View Full Version : D2H Settings
JamesJWeg
Mar-18-2005, 04:15 PM
Why do all my shots seem dull with the D2H, did I miss something in the settings? I am having to do color correction on my pics from it to make them look right.
Original
http://jamesjweg.smugmug.com/photos/17750684-M.jpg
Auto color correction in smugmug, this is more like it really looked.
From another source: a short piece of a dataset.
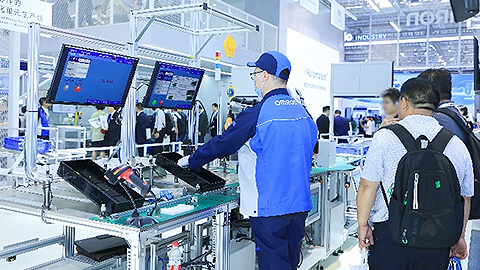随着检查项目增加,检测作业日益复杂化。希望提高检测产能、削减设备调试工时、应对不断升级的品质要求等检测课题日益凸显。在“数字工程革新”展区内展示的欧姆龙六轴多关节机器人高速多点检查,仅用一个控制器来统合控制视觉图像传感器、机器人、安全等设备部件,让目视检测实现自动化。同时可紧急应对临时的增产需要,通过数字孪生与3D仿真,快速生成生产设备的数字模型,对设备运作的整个过程进行一比一仿真,轻松实现生产设备导入前的设计研发,快速应对变种变量的柔性生产,以及后期设备的远程维护、检修等。

http://jamesjweg.smugmug.com/photos/17745637-M-1.jpg
James.
JohnR
Mar-18-2005, 04:33 PM
Did you upgrade the firmware?
What settings did you have it on?
Are you shooting in jpeg or NEF?
JamesJWeg
Mar-18-2005, 04:43 PM
I have not played with too much in way of settings. No, have not upgraded, I did not see where that cover anything like this. Shooting JPEG Large Fine.
James.
JohnR
Mar-18-2005, 05:02 PM
I mean, what did you have the camera set to? What was your shutter speed and all?
I upgraded mine. I heard it did some good changes and was worth upgrading.
JamesJWeg
Mar-18-2005, 05:05 PM
I mean, what did you have the camera set to? What was your shutter speed and all?
I upgraded mine. I heard it did some good changes and was worth upgrading.
Date Taken:2005-03-18 21:14:43
Date Digitized:2005-03-18 21:14:43
Date Modified:2005-03-18 21:14:43
Make:NIKON CORPORATION
Model: NIKON D2H
Size: 2464x1632
Bytes: 1690470
Aperture: f/8.5
ISO: 200
Focal Length: 120mm (180mm 35mm)
Exposure Time: 0.0031s (10/3200)
JPEG Quality:fine
Exposure Program:Normal program
Exposure Bias:0
DigitalZoomRatio:1/1
SensingMethod:One-chip color sensor
ColorSpace:sRGB
James.
JamesJWeg
Mar-18-2005, 05:07 PM
I mean, what did you have the camera set to? What was your shutter speed and all?
I upgraded mine. I heard it did some good changes and was worth upgrading.
I read the info and it didn't sound related to exposure, just operational items.
James.
bfjr
Mar-18-2005, 05:10 PM
I could be dead wrong here :scratch, but looking at the two images it's looks like you metered a bright area (white on truck or building) and the camera turned it all to 18 % gray.
Again could be way off, don't even own that camera, but I've seen the same in my photos when I've metered only the bright (spot) and not adjusted, or allowed the camera to make an overall decision.
Hope that helps, if not you can ignore me :D
JamesJWeg
Mar-18-2005, 05:13 PM
I could be dead wrong here :scratch, but looking at the two images it's looks like you metered a bright area (white on truck or building) and the camera turned it all to 18 % gray.
Again could be way off, don't even own that camera, but I've seen the same in my photos when I've metered only the bright (spot) and not adjusted, or allowed the camera to make an overall decision.
Hope that helps, if not you can ignore me :DI think you may not be that far off, except that I had it on the color matrix setting, I though that would adjust better than this, maybe I need to meter elsewhere.
James.
JamesJWeg
Mar-18-2005, 05:14 PM
I did not reframe after metering. I was working on the assumption that it could handle the large white areas when on color matrix. Is that anm incorrect assumption?
James.
david_h
Mar-18-2005, 05:14 PM
James, I think your problem is that your image is under exposed. Look at this screenshot and see how far your histogram is shifted to the left.
http://djh.smugmug.com/photos/17753095-L.jpg
Do you have any negative exposure compensation set? If not, you might want to add a positive exposure compensation.
I'd play around with the exposure compensation setting until you like what you see.
When you do the auto colour correction, it is looking for the lightest point and calling it white (or close to). This has the effect of stretching the histogram to the right to fill the range, giving the impression of a better exposed image.
Here's the same screenshot, but with your "corrected" image. See how much nicer the histogram looks. You need to aim to see this straight from the camera. There's a histogram display for the review on the camera LCD so you can see how you're doing as you shoot.
http://djh.smugmug.com/photos/17753706-L.jpg
JamesJWeg
Mar-18-2005, 05:16 PM
Thanks david, I may try that, I was on 0.
James.
david_h
Mar-18-2005, 05:44 PM
Thanks david, I may try that, I was on 0.
James. Also, I don't know what metering mode you are using, but I get best results with the matrix metering. You might know all about this already, but if not it's explained on page 84 (or 85?) in the manual. I use this in apature prority mode and usually get pretty good images straight from my camera - they just need a little fine tuning and I'm happy with them.
Edit: Duh - I just read your post where you already said you were using matrix metering.